A strangely lengthy VAR wait came about before a handball decision that was obvious was awarded against Wilfred Ndidi. Of course, such matters as nerves don’t affect The Flaxen-Haired Nordic Goalbot, who converted the resulting penalty kick via the inside of the post. Fourteen minutes later, Kevin De Bruyne nicked the ball from Ndidi and fed the ball to Haaland who, well, we all know how this turns out, don’t we?
It certainly feels as though Haaland is the perfect synthesis of the very best that Manchester City have offered as a team in recent years. The relentlessness is obvious. As sure as night follows day, Haaland will score a goal. But it’s also a matter of the precision and timing of his movement, the extent to which all that preparation reaps such inevitable rewards when matchday comes around.
At 3-0 up, they relieved the pressure a little bit. Manchester City were still camped in Leicester’s half, of course, but the pace began to slow a little as the half progressed. To even things up a little, at half-time Haaland was withdrawn and replaced by Julian Alvarez. Perhaps he’s already running out of space in his garden shed for match balls. And they didn’t look the same without him in the second half.
Arsenal supporters hoping for Manchester City to slip up were never likely to be satisfied by this match. Even without taking into account the recent managerial upheaval at The King Power Stadium, Leicester have been in wretched form of late, and replacing Brendan Rodgers with Dean Smith, but only after Graham Potter and Jesse Marsch had turned them down, was going to lead to the level of bounce required to have any chance whatsoever of getting a result from a match like this.
But even though the truth of the matter is that Manchester City seem to have completed their process of moving up through the gears and are now at cruising altitude, they did hit a little turbluence entirely of their own making in the closing stages. Since losing to Spurs at the start of February – a result which now seems so unlikely that it feels a little as though it might have been either a collective hallucination or beamed from a parallel universe into ours – they’ve had twelve wins and two draws from fourteen games. It will already require something approaching a miracle for them to miss out on a place in the semi-finals of the Champions League, and they face relatively moderate opposition in the FA Cup semi-finals in the form of Sheffield United.

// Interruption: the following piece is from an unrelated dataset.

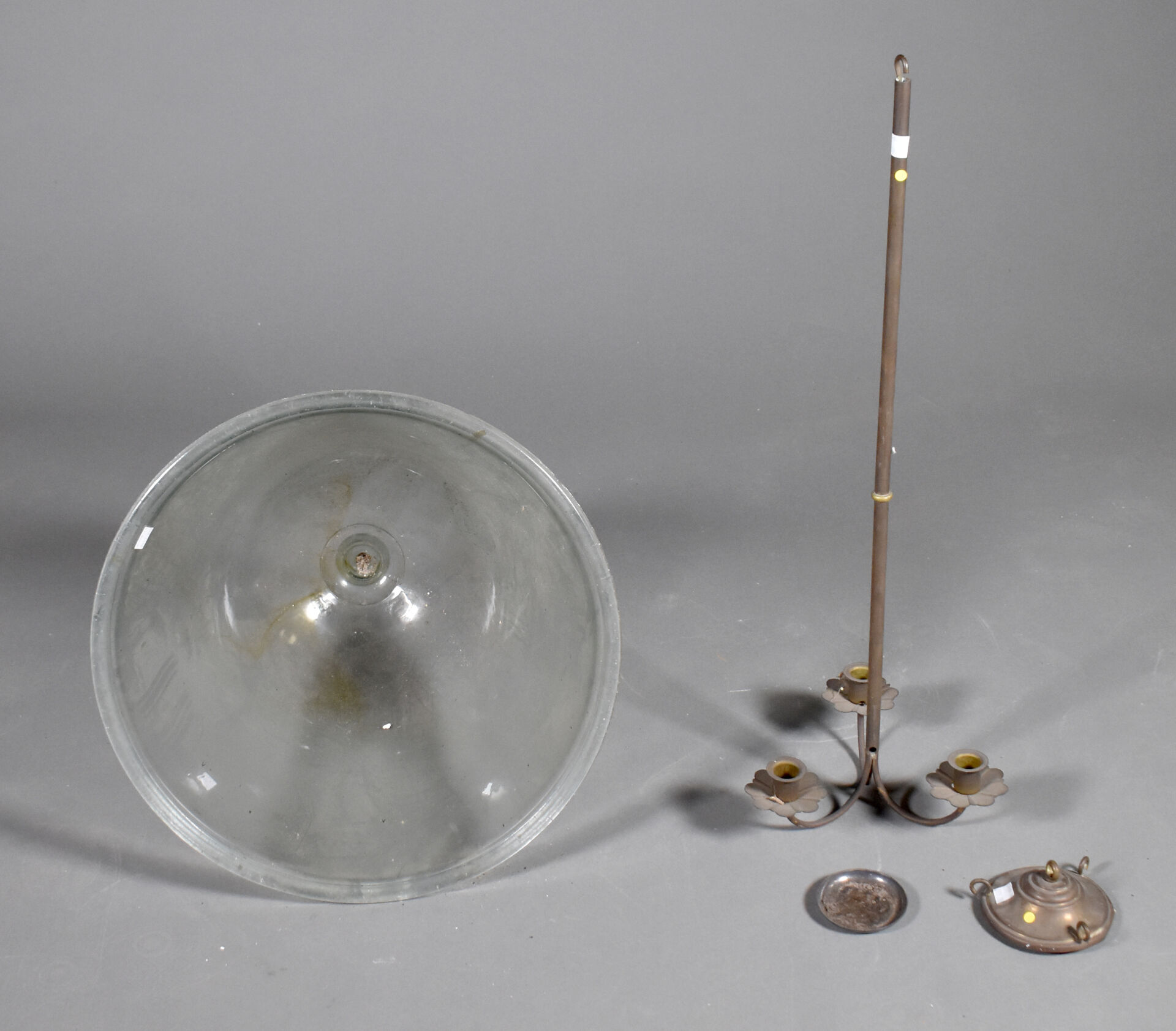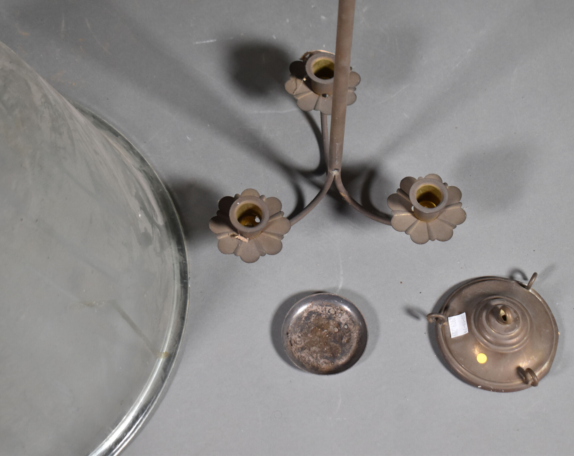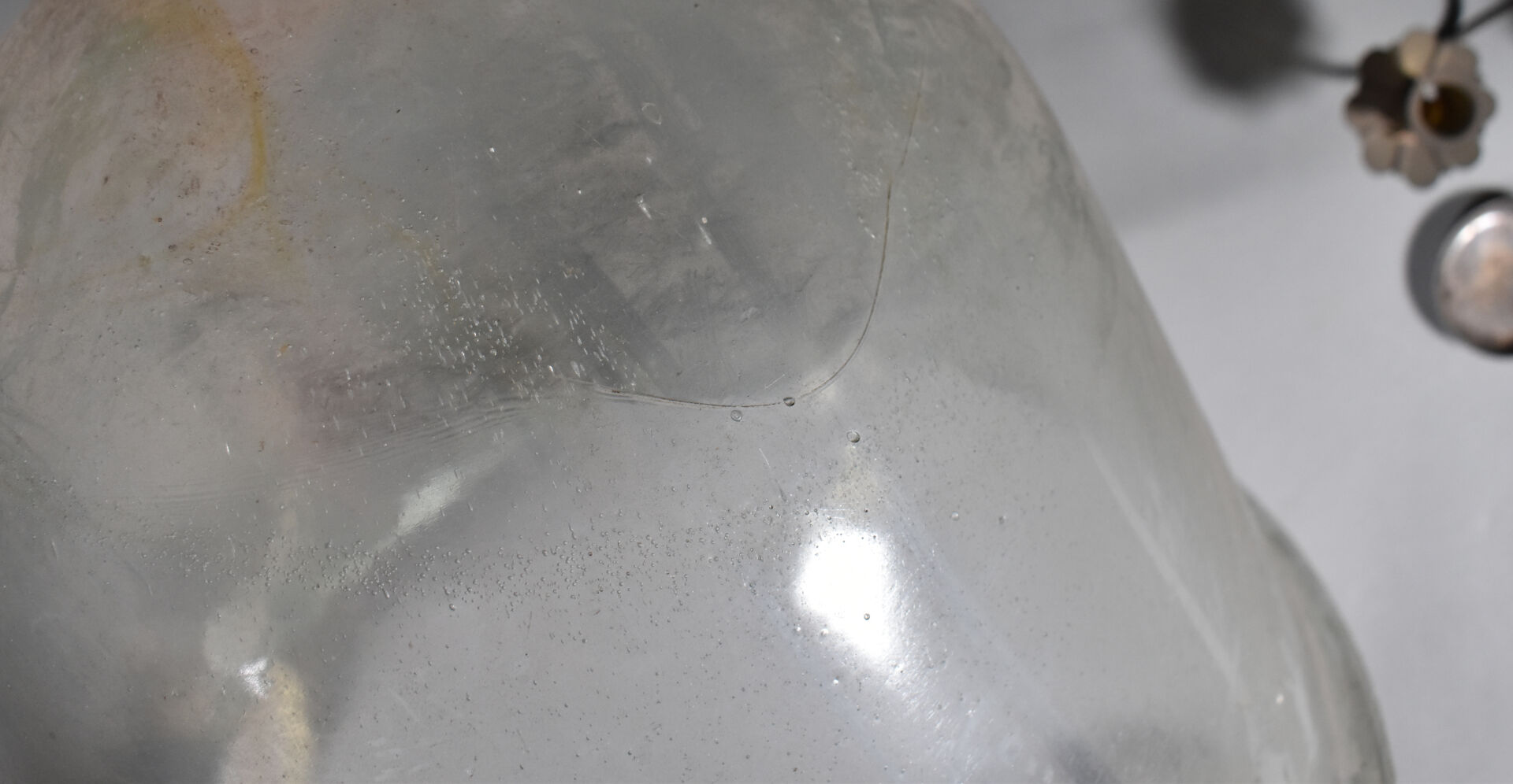 Cloche de lanterne de château en verre, avec son bras de lumière (manque l’anneau et les chaînes de portage. Haut de la cloche. : 40 cm – Diam. : Diam. : 44 cm.

The stars seem to be aligning, and a Premier League season which has been more interesting than most may yet end in a clean sweep for the oil money only being disrupted by City’s failure to win the EFL Cup, a state of affairs which is unlikely to have kept Pep Guardiola awake at night since they surprisingly lost to Southampton in January. This sheer relentlessness is what any opponents have to keep pace with if they are to win the Premier League. Last season, Liverpool fell short by a point. Arsenal now have to deal with that relentless churn for the rest of this season.
Yet there were wobbles, on this occasion. With fifteen minutes to play, Harry Souttar’s header was blocked by Edersen, but Kelechi Iheanacho tapped the ball over the line to pull a goal back. Suddenly enervated, and with City having slowed the game to crawling pace, Leicester looked surprisingly as though they could get back into the game. A couple of minutes passed and Iheanacho shot narrowly high and wide. Had that gone in, we might have been set up for an exciting closing ten minutes. With five to play, some even more lackadaisical defending allowed James Maddison through on goal, but his shot was blocked by Edersen. In stoppage-time, Iheanacho got through again, but this time saw his shot bounce out off the base of the post.
All might not be lost for Leicester City, should they be able to show a little of the resolve that they showed once they got a goal back in this game. They’re not as young – or in some cases as effective – as they used to be, but players such as Maddison, Vardy, Iheanacho and Patson Daka all have the experience or quality to be able to pull out the points they need to maintain Premier League football for at least another season. And Pep Guardiola’s brow may well have been furrowed by the fact that his team almost let a team in such a wretched run of form back into a game which they had more or less wrapped up by half-time. In the end Erling Haaland was the difference between these two teams, but Pep Guardiola might have been hoping for something more than this against such moderate opposition.